Read The Novels of the Jaran Online
Authors: Kate Elliott
Tags: #Science Fiction & Fantasy, #Fantasy, #Epic, #Science Fiction, #Adventure
Lal cleared the dishes away and brought hot tea, spiced to perfection. Mitya sipped cautiously at the aromatic liquid. “Are you married?” he asked suddenly.
“Not yet, but I hope to marry once I return to my country.”
“Whom will you marry?”
Jiroannes shrugged. “There are several women I have in mind. They must all be of good birth, of course. The Great King’s fourth cousin has a daughter, and with my uncle’s influence to favor my suit, I may be able to marry her.”
“But she is a Vidiyan woman. Of your own kind.”
Jiroannes thought now that he knew why Mitya had come to him, this evening. “Yes. But if an advantageous match with a woman of high birth from another kingdom presented itself, I would certainly accept it.”
“Even if it meant you couldn’t have the—the fourth cousin’s daughter?”
“Why should it prevent me from marrying her as well?”
They stared at each other in mutual incomprehension. Light dawned on Mitya’s face. “You mean it’s true, what Tess says, that you marry more than one woman? At the same time? Gods!”
“So did the Everlasting God ordain, that each man may marry as many women as he can support. Thus also may he guarantee that he has heirs to carry on after he dies.”
“Gods,” echoed Mitya. Then he flushed and stared down at his hands.
“You’re young to think of marrying.”
Mitya’s hands moved restlessly in his lap, twisting and wringing and lacing his fingers together and then pulling them apart. “Ilya wants me to marry the Habakar princess. Not now, of course, but when I’m old enough. In four winters it will be the Year of the Wolf, and I’ll be twenty years old and of age to ride in jahar.

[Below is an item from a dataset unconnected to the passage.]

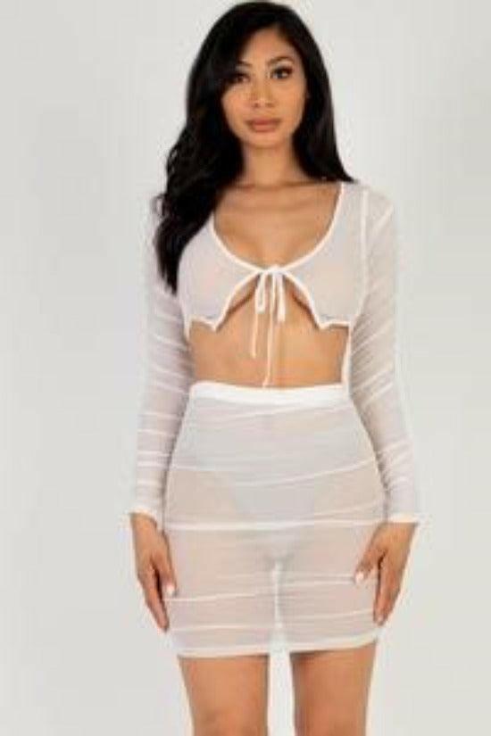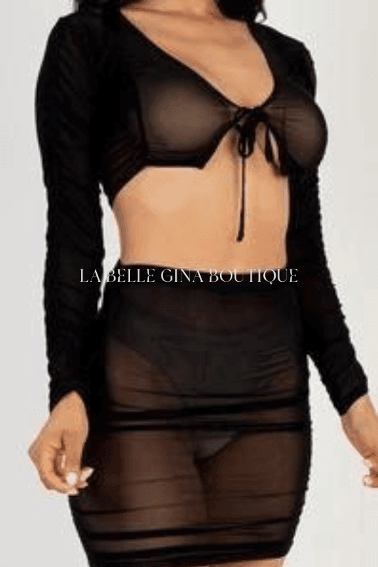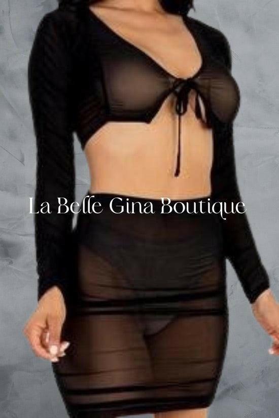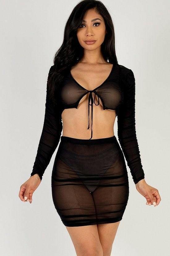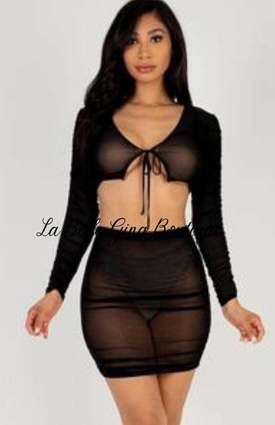 Kay sheer mesh tie front crop top and rushed side mini sets. - La Belle Gina Boutique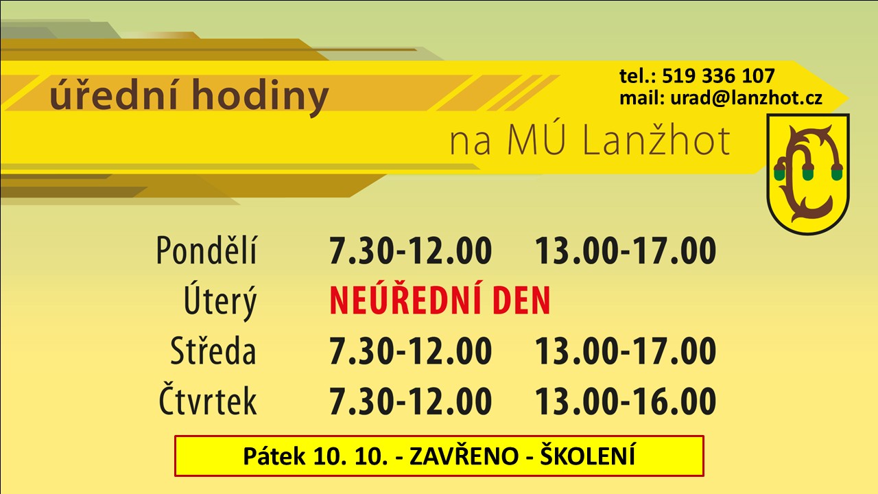 V pátek 10. 10. 2025 bude na městském úřadě ZAVŘENO - ŠKOLENÍ.

But then he wants me to become the dyan, the
governor,
of these lands, Habakar lands, with her as my—my etsana, I suppose.”
“Ah,” said Jiroannes, seeing that Bakhtiian had more than simple plunder on his mind. “Well, you must know, Mitya, that the Great King of Vidiya has a wife who is the daughter of the Elenti king, so it’s common enough for nobles to marry women of other races.”
Mitya looked skeptical. “Galina said she won’t marry the boy no matter what, even if they all agree to it.”
“The boy?”
“The prince. He’ll have to marry an etsana, of course, or an etsana’s daughter. They mean him to stay with the camp. They’re going to send both the sister and the brother out to the plains for a few years and then decide. Do you think I should marry her?”
“I’m flattered that you desire my opinion, Mitya,” said Jiroannes, thrilled, that the boy had come to him in such a confiding mood.
“But you’re not jaran. You must think about these things differently than we do.”
“A prince rarely marries to suit himself. Is that not also so with the jaran?”
“My cousin married to suit himself,” muttered Mitya.
“Your cousin? Oh, you mean Bakhtiian. But he married the sister of the Prince of Jeds. That was surely a wise match for him to make.”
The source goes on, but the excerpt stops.